My url parameters are as follows:

rewriteBatchedStatements=true&useServerPrepStmts=false&zeroDateTimeBehavior=round&jdbcCompliantTruncation=true&useUnicode=true&characterEncoding=UTF-8&profileSQL=true

I see this both on a mac and on linux, both at 5.1.22.  I tried this on 5.1.24 on the mac as well, same result.  
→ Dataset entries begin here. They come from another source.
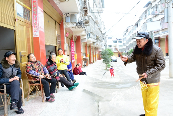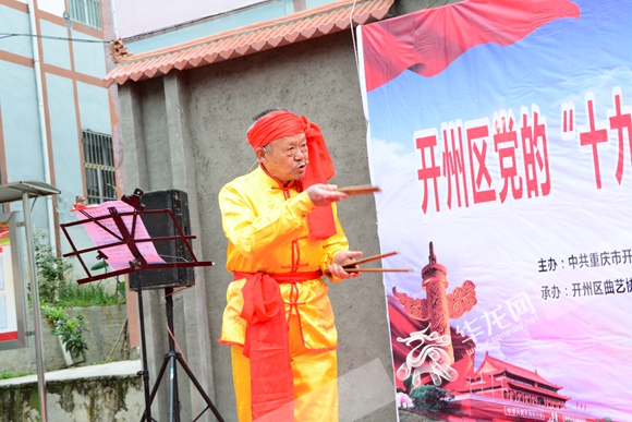 华龙网11月24日15时讯(首席记者 张雅萍 通讯员 向萍)“各位父老乡亲歇一歇,听我给你们唱一折,十九大春风吹得好,容我慢慢给你摆个白……”近日,在重庆开州汉丰街道迎宾社区小广场,一位七旬老人敲打着金钱板,伴随着金钱板有节奏的清脆响声,老人满脸笑容,乐呵呵地说唱着……他的周围,围满了群众,大家不由自主地拍起巴巴掌,给老人打拍子……
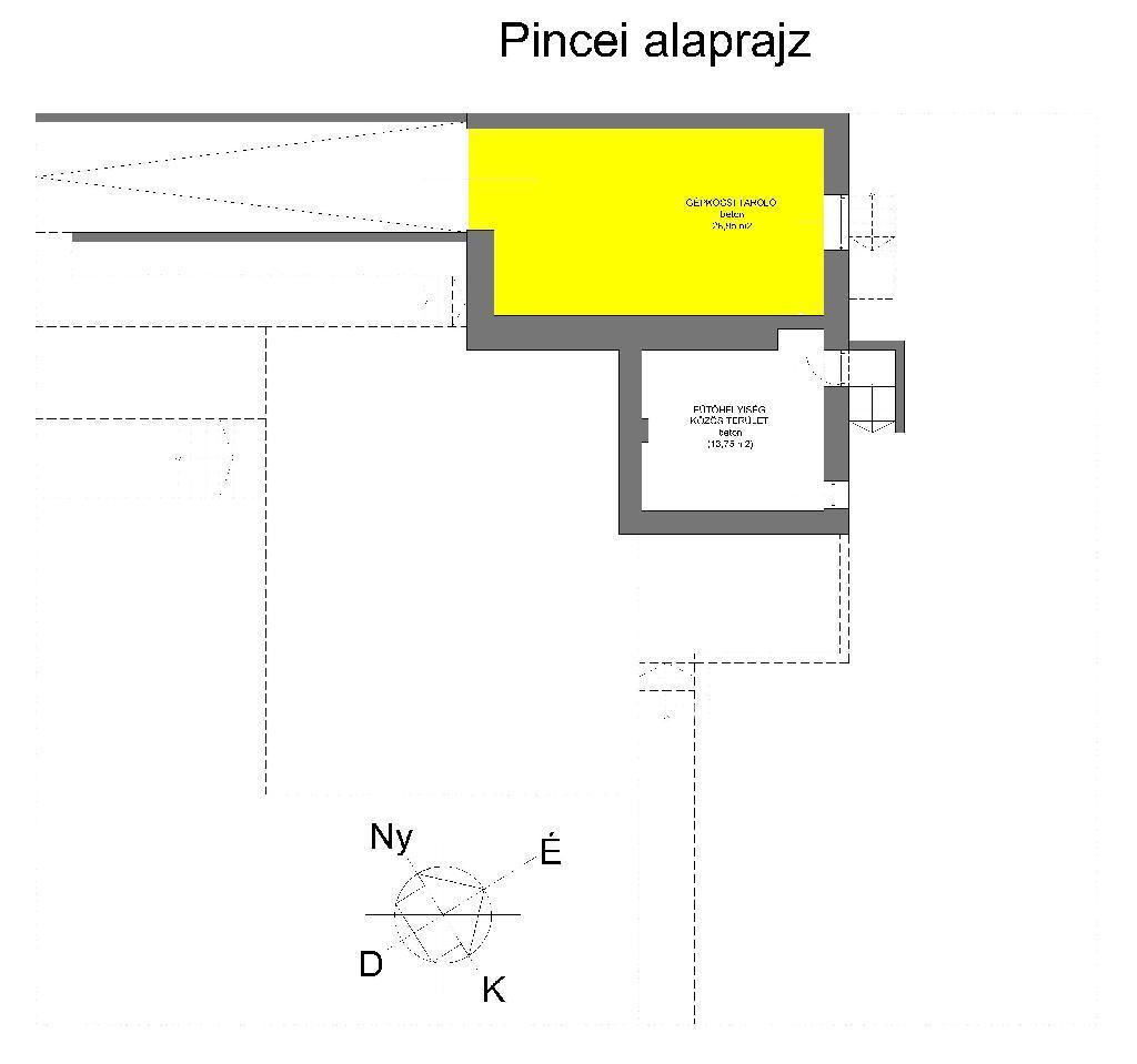 Az alagsorban egyállásos garázs található egy alacsony építésű gépjárművel is jól járható lehajtóval. A földszinten egy az előszobából nyíló dolgozó és az emeltre felvezető lépcső kapott helyet. Az emeleten tágas, egymásba nyíló nappali-étkező-konyha található, valamint három félszoba és káddal, de zuhanyzóval is felszerelt fürdő-WC áll rendelkezésre.
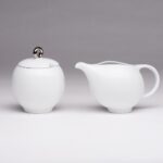 Inspired by the ceramics of Eva Zeisel, the EVA teaset embodies her design philosophy of attracting the hand as well as the eye. Simple, elegant and delightful to handle, the Eva teaset won the 2014 Golden Aβ Design Award for Tableware. Available in glossy white porcelain with silver plating, or a black matte stoneware. Each piece is thoughtfully designed for enhancing the senses at tea-time.
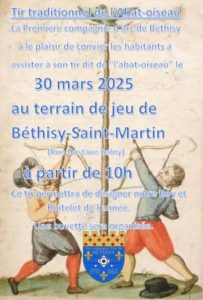 La 1ère compagnie d'arc de Béthisy organise le tir à l'oiseau dimanche 30 mars à partir de 10 heures, terrain de jeu de Béthisy-Saint-Martin
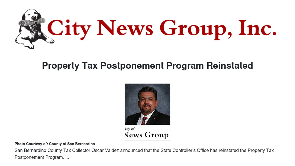 SAN BERNARDINO>> San Bernardino County Tax Collector Oscar Valdez announced that the State Controller’s Office has reinstated the Property Tax Postponement Program after it was suspended by the legislature in 2009 due to lack of funding.
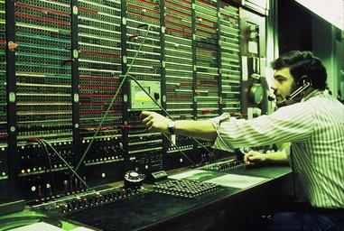 | Keywords: Panel Office Typical OGT.jpg en This is a photo of a typical Panel office OGT OutGoing Trunk Test This OGT has two positions The position on the left can do complete trunk testing to any number to which it is plugged into using the bank of pushbuttons shown to enter the dialed number The position on the right can only dial a fixed test number in this case the busy back number plus it can do voltmeter tests During a typical day the OGT can become a very busy place When stuck senders are traced to specific outgoing trunks that appear faulty they are busied out by placing a make busy plug in the trunk See photo There are two trunks busied out Shooting trunk troubles can become a time consuming task Especially on open circuits Then you had to pull the trunk records and call the MDF of all intermediate offices Have a frameman put a short across the Tip and Ring of the appropriate pair in the appropriate trunk cable and using the volt meter look for the short I would generally start at the terminating office to make sure it wasn't a terminating equipment problem then work backwards As can be seen in the photo trunk groups are identified by different color strips Each strip could hold up to twenty trunks This helped staff find a specific trunk group Another important part of the OGT is the transmission level meter which is located in the middle of the OGT the cream colored device with its own meter and level switch On a routine basis all outgoing trunks were manually tested by dialing a special 1000 cycle test number over the trunk The reading was taken and logged into trunk records and then the trunk was released If the trunk was too far out of spec it was made busy for further testing The OGT also had phones lines on it appearing along the bottom of the vertical panels The lines were used when testing with other switchman or frameman in the local office of a distant office The phone lines were hooked to a very early form of key system based completely on relay logic The frame of the OGT was made out of a beautiful hard wood After some offices were cut over to newer machines some folks took wooden side panels from the OGT home to build projects This of course required the approval of the supervisor en wikipedia 2009-01-07 Panel Switchman wikipedia en Panel Switchman Original upload log en wikipedia Panel+Office+Typical+OGT jpg wikitable - 2009-01-07 21 41 2972×2000× 2800461 bytes Panel Switchman This is a photo of a typical Panel office OGT OutGoing Trunk Test This OGT has two positions The positiion on the left can do complete trunk testing to any number to which it is plugged into The position on the right can only dial a fixed test numbe Telecommunications |
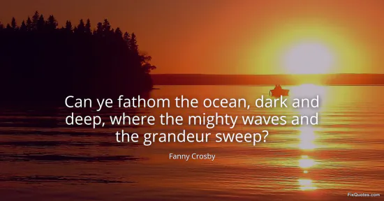 Crosby, Fanny. (2026, January 16). Can ye fathom the ocean, dark and deep, where the mighty waves and the grandeur sweep? FixQuotes. https://fixquotes.com/quotes/can-ye-fathom-the-ocean-dark-and-deep-where-the-128422/
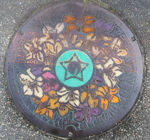 旧福野町の蓋で町章と躑躅がデザインされています。やかた101辺りの路上に有りました。
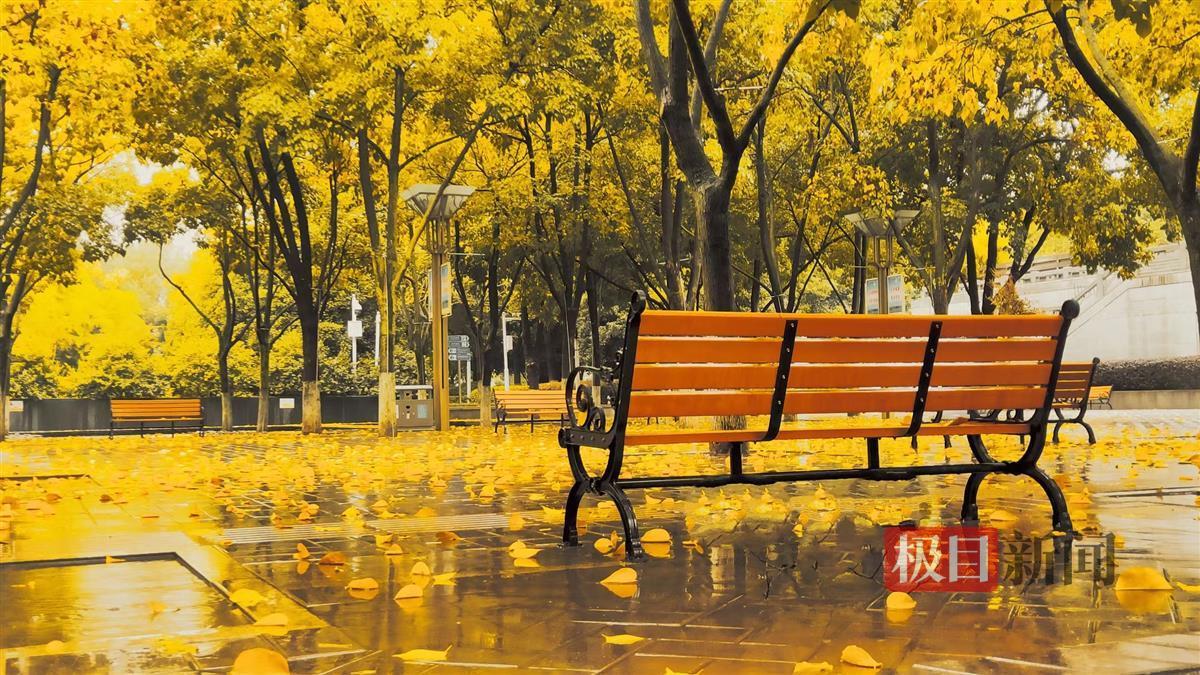 洪山广场林荫休闲广场上,落叶铺成了一条金黄色的地毯,与旁边高大的无患子、南天竹等植物融合在一起,在蓝天暖阳下文艺范十足,引来游客竞相拍照。
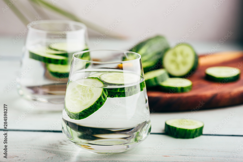 Water infused with sliced cucumber in a drinking glass
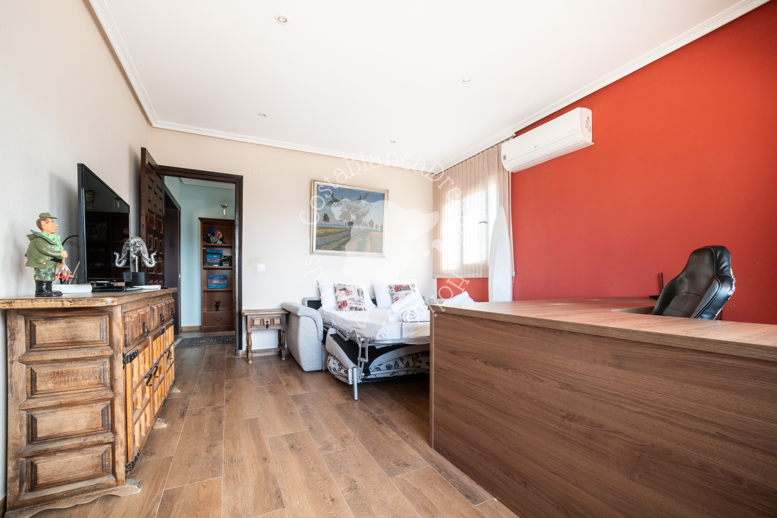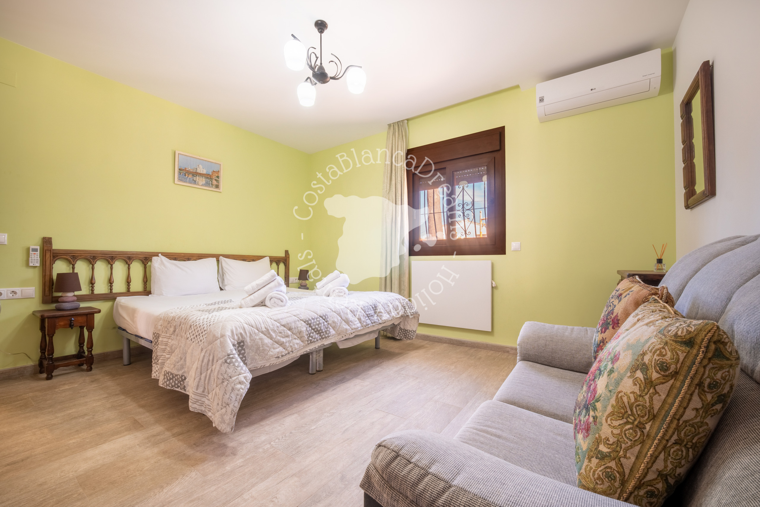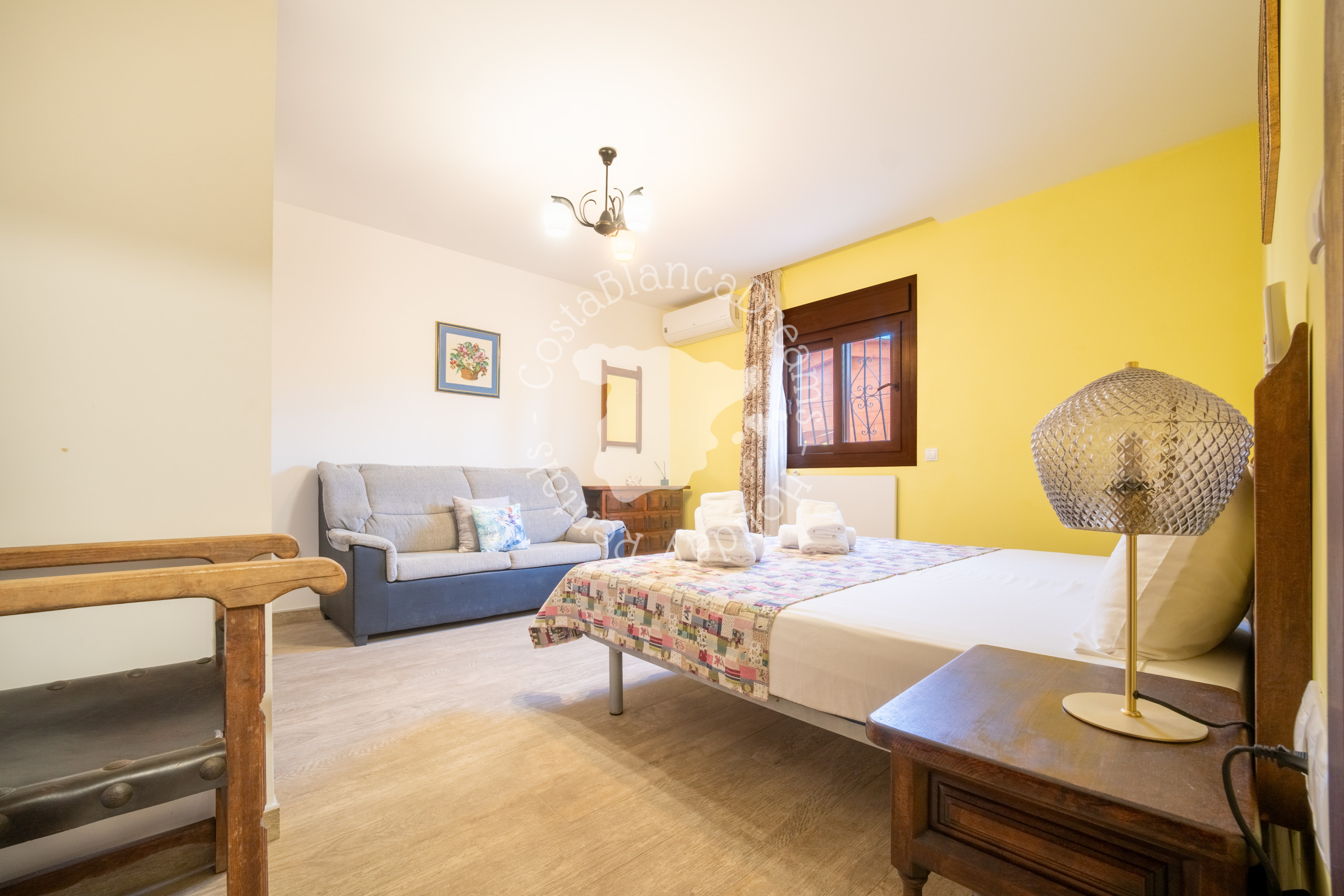 Die anderen 2 Schlafzimmer und das Badezimmer liegen neben dem Haus, sind aber über die überdachte Terrasse erreichbar. Das moderne Hauptschlafzimmer verfügt über ein Doppelbett, einen Kleiderschrank im Ibiza-Stil, eine Klimaanlage und ein eigenes Badezimmer. In diesem Badezimmer finden Sie eine geräumige ebenerdige Dusche, Toilette und Waschbecken. Angrenzend an dieses Schlafzimmer finden Sie ein weiteres Zimmer mit einem Schlafsofa für zwei Personen.

The string I'm using from within java is '不一样的星期五'.  The result I get from the mysql command line client is '‰∏ç‰∏ÄÊ†∑ÁöÑÊòüÊúü‰∫î'.  From this latter string, java can evidently decode it forwards and backwards to the former.

How to repeat:
Java Test code as follows (which I'll also include in an enclosure):

String name = "不一样的星期五";
Connection conn = null;
PreparedStatement pstmt = null;
Statement stmt = null;
ResultSet rs = null;
try {
    // swap this for however you need to create your connection
    conn = dataSource.getConnection();
    stmt = conn.createStatement();
    rs = stmt.executeQuery("show session variables like '%char%'");
    System.out.println("----------------------");
    while (rs.next()) {
        System.out.println(rs.getString(1) + ": " + rs.getString(2));
    }
    System.out.println("----------------------");
    stmt.executeUpdate("drop table if exists test_model");
    stmt.executeUpdate("create table test_model ( "
    + "test_id integer not null auto_increment, "
    + "name varchar(32), "
    + "primary key (test_id)"
    + " ) charset=utf8");
        
    pstmt = conn.prepareStatement("insert into test_model (test_id, name) values (?, ?)");
    pstmt.setInt(1, 100);
    pstmt.setString(2, name);
    pstmt.executeUpdate();
    conn.commit();
    rs = stmt.executeQuery("select name from test_model where test_id = 100");
    rs.next();
    String s = rs.getString(1);
    System.out.println("----- name: " + s);
    // works fine
    assertEquals("name", name, s);
} finally {
    try { if (rs != null) rs.close(); } catch (SQLException e) { /* na */ }
    try { if (stmt != null) stmt.close(); } catch (SQLException e) { /* na */ }
    try { if (pstmt != null) pstmt.close(); } catch (SQLException e) { /* na */ }
    try { if (conn != null) conn.close(); } catch (SQLException e) { /* na */ }
}

Output from the test is as follows:

----------------------
character_set_client: utf8
character_set_connection: utf8
character_set_database: utf8
character_set_filesystem: binary
character_set_results: 
character_set_server: latin1
character_set_system: utf8
character_sets_dir: /usr/local/mysql-5.1.22-rc-osx10.4-i686/share/mysql/charsets/
----------------------
----- name: 不一样的星期五

Meaning that java can read and write the data correctly.  However, when I log in via the mysql 
command line client, I see the following:

ck@localhost riskiq_test> set names utf8;
Query OK, 0 rows affected (0.00 sec)

ck@localhost riskiq_test> select * from test_model;
+---------+----------------------------------------------------+
| test_id | name                                               |
+---------+----------------------------------------------------+
|     100 | ‰∏ç‰∏ÄÊ†∑ÁöÑÊòüÊúü‰∫î | 
+---------+----------------------------------------------------+
1 row in set (0.01 sec)

ck@localhost riskiq_test> insert into test_model (test_id, name) values (101, '不一样的星期五');
Query OK, 1 row affected (0.00 sec)

ck@localhost riskiq_test> select * from test_model;
+---------+----------------------------------------------------+
| test_id | name                                               |
+---------+----------------------------------------------------+
|     100 | ‰∏ç‰∏ÄÊ†∑ÁöÑÊòüÊúü‰∫î | 
|     101 | 不一样的星期五                              | 
+---------+----------------------------------------------------+
2 rows in set (0.00 sec)
 
I've enclosed both the profiling output and the mysql query log, which report that the jdbc driver 
is apparently sending the incorrect bytes back to the server.  Witness (from the profiling output)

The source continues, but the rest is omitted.